Records for the exercise:
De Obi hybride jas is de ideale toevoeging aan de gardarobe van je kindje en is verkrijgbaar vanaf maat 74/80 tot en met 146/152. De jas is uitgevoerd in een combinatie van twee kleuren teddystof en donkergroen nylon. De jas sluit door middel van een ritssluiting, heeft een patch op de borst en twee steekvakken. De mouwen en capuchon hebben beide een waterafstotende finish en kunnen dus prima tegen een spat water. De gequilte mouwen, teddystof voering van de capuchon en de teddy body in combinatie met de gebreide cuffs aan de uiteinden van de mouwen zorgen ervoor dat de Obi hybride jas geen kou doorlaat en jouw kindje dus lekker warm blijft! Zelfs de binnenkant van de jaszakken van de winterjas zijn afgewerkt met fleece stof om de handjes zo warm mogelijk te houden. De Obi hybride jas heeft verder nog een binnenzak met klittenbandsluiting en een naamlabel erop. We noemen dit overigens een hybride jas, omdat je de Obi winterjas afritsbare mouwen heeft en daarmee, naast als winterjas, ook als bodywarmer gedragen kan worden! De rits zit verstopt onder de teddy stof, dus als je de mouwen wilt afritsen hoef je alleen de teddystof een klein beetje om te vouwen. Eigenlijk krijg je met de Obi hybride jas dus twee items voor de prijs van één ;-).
* * *
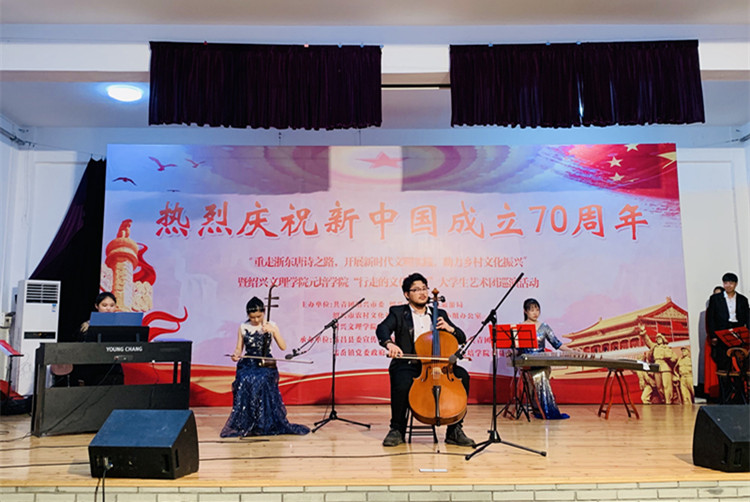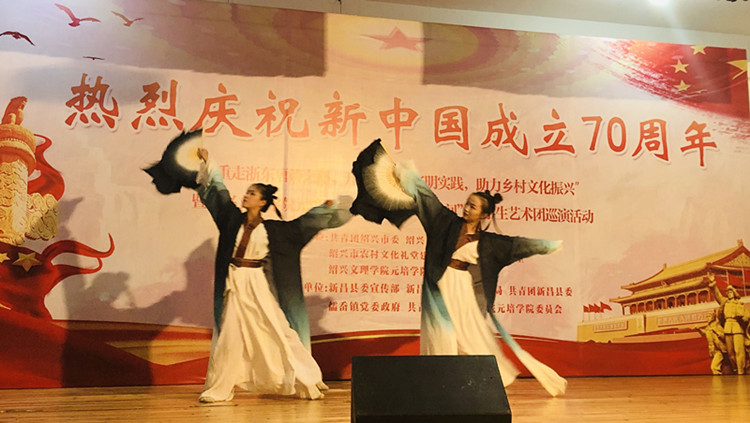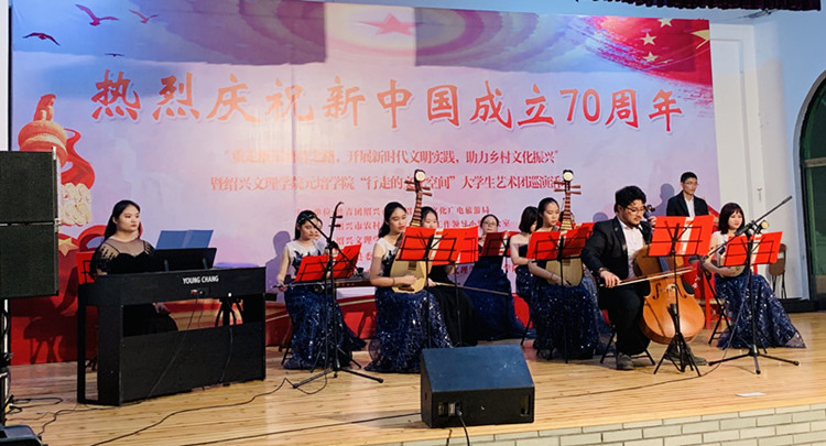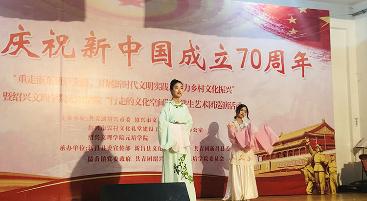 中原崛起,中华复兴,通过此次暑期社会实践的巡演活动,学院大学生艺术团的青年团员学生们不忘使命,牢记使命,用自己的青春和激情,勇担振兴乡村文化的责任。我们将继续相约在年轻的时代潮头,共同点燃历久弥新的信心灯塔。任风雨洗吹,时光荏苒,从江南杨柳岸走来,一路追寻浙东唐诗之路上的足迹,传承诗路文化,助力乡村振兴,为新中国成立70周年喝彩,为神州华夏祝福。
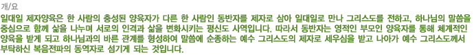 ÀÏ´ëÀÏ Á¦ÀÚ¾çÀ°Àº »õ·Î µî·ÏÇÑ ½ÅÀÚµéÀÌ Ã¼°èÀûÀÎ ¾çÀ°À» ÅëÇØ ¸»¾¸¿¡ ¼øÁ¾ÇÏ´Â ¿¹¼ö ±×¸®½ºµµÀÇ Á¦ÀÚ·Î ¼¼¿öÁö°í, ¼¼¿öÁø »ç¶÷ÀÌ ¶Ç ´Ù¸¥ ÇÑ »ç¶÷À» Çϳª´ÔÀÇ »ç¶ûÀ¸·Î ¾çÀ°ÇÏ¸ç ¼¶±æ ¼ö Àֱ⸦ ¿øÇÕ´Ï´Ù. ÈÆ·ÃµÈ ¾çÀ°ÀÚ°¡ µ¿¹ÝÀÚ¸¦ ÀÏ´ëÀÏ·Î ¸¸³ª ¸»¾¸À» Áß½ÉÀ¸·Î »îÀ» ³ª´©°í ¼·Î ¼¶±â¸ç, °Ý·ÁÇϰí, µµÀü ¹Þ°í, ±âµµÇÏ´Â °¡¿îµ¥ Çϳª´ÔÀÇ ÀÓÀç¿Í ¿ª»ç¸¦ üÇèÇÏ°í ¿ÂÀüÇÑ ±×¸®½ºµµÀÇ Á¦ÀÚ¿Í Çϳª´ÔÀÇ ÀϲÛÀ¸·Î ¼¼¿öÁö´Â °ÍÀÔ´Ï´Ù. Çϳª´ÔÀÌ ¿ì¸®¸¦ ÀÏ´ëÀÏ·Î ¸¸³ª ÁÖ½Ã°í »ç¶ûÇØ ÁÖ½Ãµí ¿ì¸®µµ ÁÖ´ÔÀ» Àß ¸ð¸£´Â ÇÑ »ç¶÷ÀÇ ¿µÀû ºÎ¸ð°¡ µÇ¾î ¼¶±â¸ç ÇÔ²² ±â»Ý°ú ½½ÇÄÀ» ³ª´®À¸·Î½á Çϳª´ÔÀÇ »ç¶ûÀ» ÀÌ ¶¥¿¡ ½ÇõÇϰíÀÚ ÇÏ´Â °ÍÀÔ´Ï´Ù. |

Task description: With the pictures omitted, restate word for word the lines above from the line that has "中原崛起,中华复兴,通过此次" up to and including the line that has "ÇÏ´Â °ÍÀÔ´Ï´Ù. |", and no other lines.

Answer space:
 中原崛起,中华复兴,通过此次暑期社会实践的巡演活动,学院大学生艺术团的青年团员学生们不忘使命,牢记使命,用自己的青春和激情,勇担振兴乡村文化的责任。我们将继续相约在年轻的时代潮头,共同点燃历久弥新的信心灯塔。任风雨洗吹,时光荏苒,从江南杨柳岸走来,一路追寻浙东唐诗之路上的足迹,传承诗路文化,助力乡村振兴,为新中国成立70周年喝彩,为神州华夏祝福。
 ÀÏ´ëÀÏ Á¦ÀÚ¾çÀ°Àº »õ·Î µî·ÏÇÑ ½ÅÀÚµéÀÌ Ã¼°èÀûÀÎ ¾çÀ°À» ÅëÇØ ¸»¾¸¿¡ ¼øÁ¾ÇÏ´Â ¿¹¼ö ±×¸®½ºµµÀÇ Á¦ÀÚ·Î ¼¼¿öÁö°í, ¼¼¿öÁø »ç¶÷ÀÌ ¶Ç ´Ù¸¥ ÇÑ »ç¶÷À» Çϳª´ÔÀÇ »ç¶ûÀ¸·Î ¾çÀ°ÇÏ¸ç ¼¶±æ ¼ö Àֱ⸦ ¿øÇÕ´Ï´Ù. ÈÆ·ÃµÈ ¾çÀ°ÀÚ°¡ µ¿¹ÝÀÚ¸¦ ÀÏ´ëÀÏ·Î ¸¸³ª ¸»¾¸À» Áß½ÉÀ¸·Î »îÀ» ³ª´©°í ¼·Î ¼¶±â¸ç, °Ý·ÁÇϰí, µµÀü ¹Þ°í, ±âµµÇÏ´Â °¡¿îµ¥ Çϳª´ÔÀÇ ÀÓÀç¿Í ¿ª»ç¸¦ üÇèÇÏ°í ¿ÂÀüÇÑ ±×¸®½ºµµÀÇ Á¦ÀÚ¿Í Çϳª´ÔÀÇ ÀϲÛÀ¸·Î ¼¼¿öÁö´Â °ÍÀÔ´Ï´Ù. Çϳª´ÔÀÌ ¿ì¸®¸¦ ÀÏ´ëÀÏ·Î ¸¸³ª ÁÖ½Ã°í »ç¶ûÇØ ÁÖ½Ãµí ¿ì¸®µµ ÁÖ´ÔÀ» Àß ¸ð¸£´Â ÇÑ »ç¶÷ÀÇ ¿µÀû ºÎ¸ð°¡ µÇ¾î ¼¶±â¸ç ÇÔ²² ±â»Ý°ú ½½ÇÄÀ» ³ª´®À¸·Î½á Çϳª´ÔÀÇ »ç¶ûÀ» ÀÌ ¶¥¿¡ ½ÇõÇϰíÀÚ ÇÏ´Â °ÍÀÔ´Ï´Ù. |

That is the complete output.